Heavy-duty vehicle fuel efficiency standards announced

Aug. 10, 2011
President Obama has announced new fuel efficiency and greenhouse gas pollution standards for work trucks, buses, and other heavy-duty vehicles.

President Obama has announced new fuel efficiency and greenhouse gas pollution standards for work trucks, buses, and other heavy-duty vehicles. The standards will save American businesses that operate and own these commercial vehicles about $50 billion in fuel costs over the life of the program.

The US Department of Transportation (DOT) and the US Environmental Protection Agency (EPA) developed the standards in close coordination with companies that met with the president August 9, as well as other stakeholders, following requests from companies to develop this program. Cost savings for American businesses are on top of the $1.7 trillion that American families will save at the pump from the fuel-efficiency standards announced by the Obama administration for cars and light-duty trucks, including the model year 2017-2025 agreement announced by the president in July.

“Thanks to the Obama administration, for the first time in our history we have a common goal for increasing the fuel efficiency of the trucks that deliver our products, the vehicles we use at work, and the buses our children ride to school,” said DOT Secretary Ray LaHood.

Under the new national program, trucks and buses built in 2014 through 2018 will reduce oil consumption by a projected 530 million barrels and greenhouse gas (GHG) pollution by about 270 million metric tons. This program—which relies heavily on off-the-shelf technologies—was developed in coordination with truck and engine manufacturers, fleet owners, the state of California, and environmental groups.
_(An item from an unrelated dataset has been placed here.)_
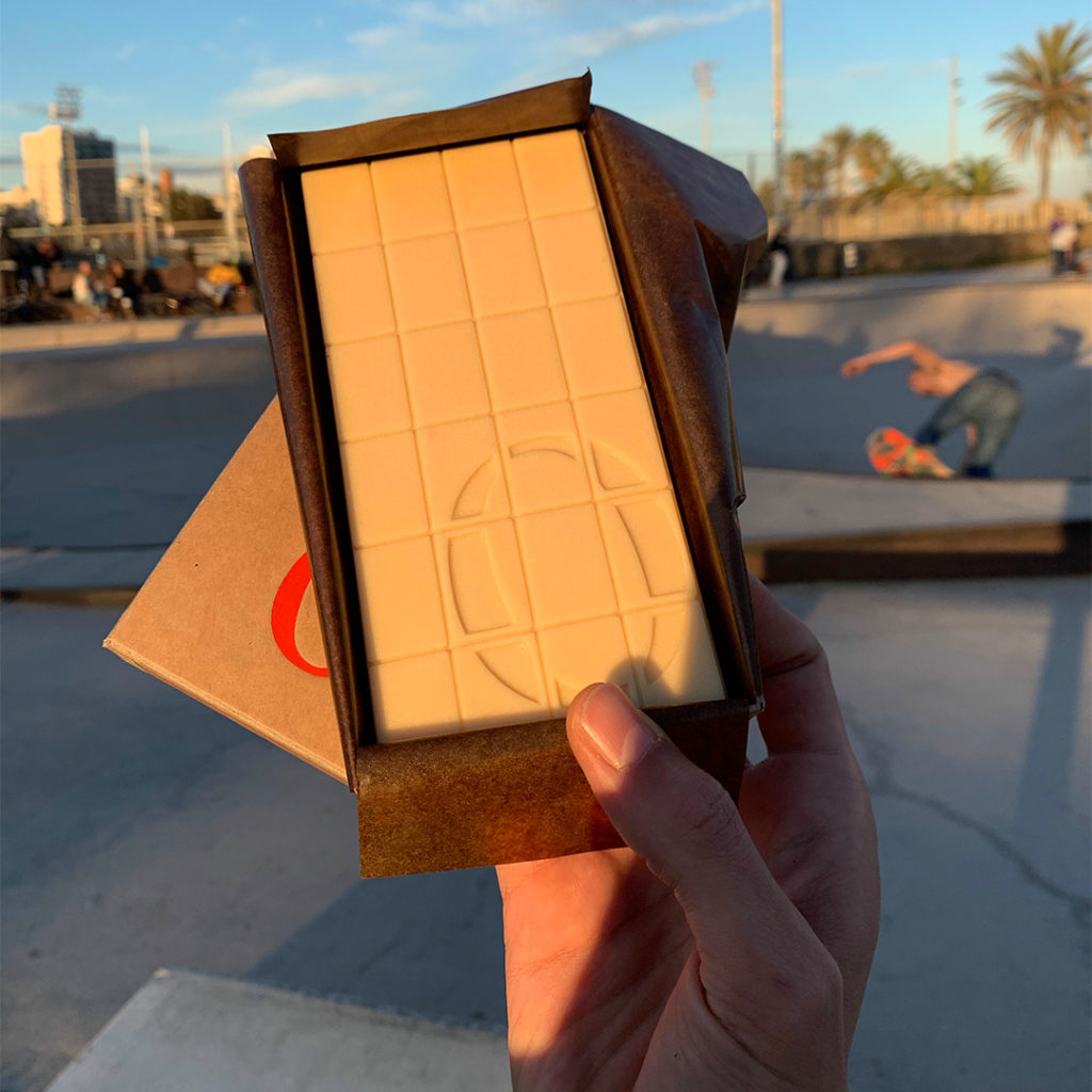 Como te decía, nos hemos comido lo que nos ha dado la industria, y hay mucho camino por recorrer. El año pasado saqué una tableta de mucílago y ni siquiera sé si le puedo llamar chocolate y ponerlo a la venta porque luego me puede caer una multa. La legislación europea te dice que solo lo puedes llamar chocolate cuando tiene un cierto porcentaje de azúcar.  El mucílago es la pulpa o membrana del fruto del cacao que recubre las semillas con las que tradicionalmente se elabora el chocolate. Contiene los azúcares necesarios para la fermentación de las semillas o habas de cacao. Su sabor es alucinante, pero es algo que no llega hasta nosotros. Es fresco, floral y lácteo, parecido al lichi, a la chirimoya, o la ciruela, y cremoso como el yogur. Cuando saqué esta tableta, hubo quien dijo que era el “quinto chocolate”, después del negro, el chocolate con leche, el blanco y el rosa o “Ruby” que lanzó la empresa Barry Callebaut. Si llamamos chocolate al chocolate blanco, ¿por qué no podemos llamar a este otro chocolate de mucílago? Es un tema que he comentado con los publicistas Toni Segarra y Luis Cuesta, que han sido clientes míos desde el principio. Toni me decía que esto es 100% cacao, pero 0% chocolate, lo que puede quedar muy bien. Quiero presentarlo a un concurso a finales de año, pero es que ni siquiera hay una categoría para él. En fin, lo presentaré en cualquier otra a ver si cuela… En cualquier caso, se pueden hacer muchas cosas. Lo mágico del chocolate es la manteca de cacao, que es lo que da forma a la tableta. Y se funde a la temperatura corporal, 36 grados… Es realmente mágico.

The joint DOT/EPA program will include a range of targets that are specific to vehicle types and purposes. Vehicles are divided into three major categories: combination tractors (semi-trucks), heavy-duty pickup trucks and vans, and vocational vehicles (transit buses and refuse trucks). Within each of those categories, more specific targets are laid out based on the design and purpose of the vehicle. This structure creates fuel efficiency improvement goals charted for each year and for each vehicle category and type.

The standards are expected to yield an estimated $50 billion in net benefits over the life of model year 2014 to 2018 vehicles, and to result in long-terms savings for vehicle owners and operators. A semi-truck operator could pay for the technology upgrades in less than a year and realize net savings of $73,000 through reduced fuel costs over the truck’s useful life.

Certain combination tractors—commonly known as big-rigs or semi-trucks—will be required to achieve up to approximately 20% reduction in fuel consumption and greenhouse gas emissions by model year 2018, saving up to four gallons of fuel for every 100 miles traveled.

For heavy-duty pickup trucks and vans, separate standards are required for gasoline-powered and diesel trucks. These vehicles will be required to achieve up to a 15% reduction in fuel consumption and greenhouse gas emissions by model year 2018. Under the completed standards, a typical gasoline- or diesel-powered heavy-duty pickup truck or van could save one gallon of fuel for every 100 miles traveled.

Vocational vehicles will be required to reduce fuel consumption and greenhouse gas emissions by approximately 10% by model year 2018. These trucks could save an average of one gallon of fuel for every 100 miles traveled.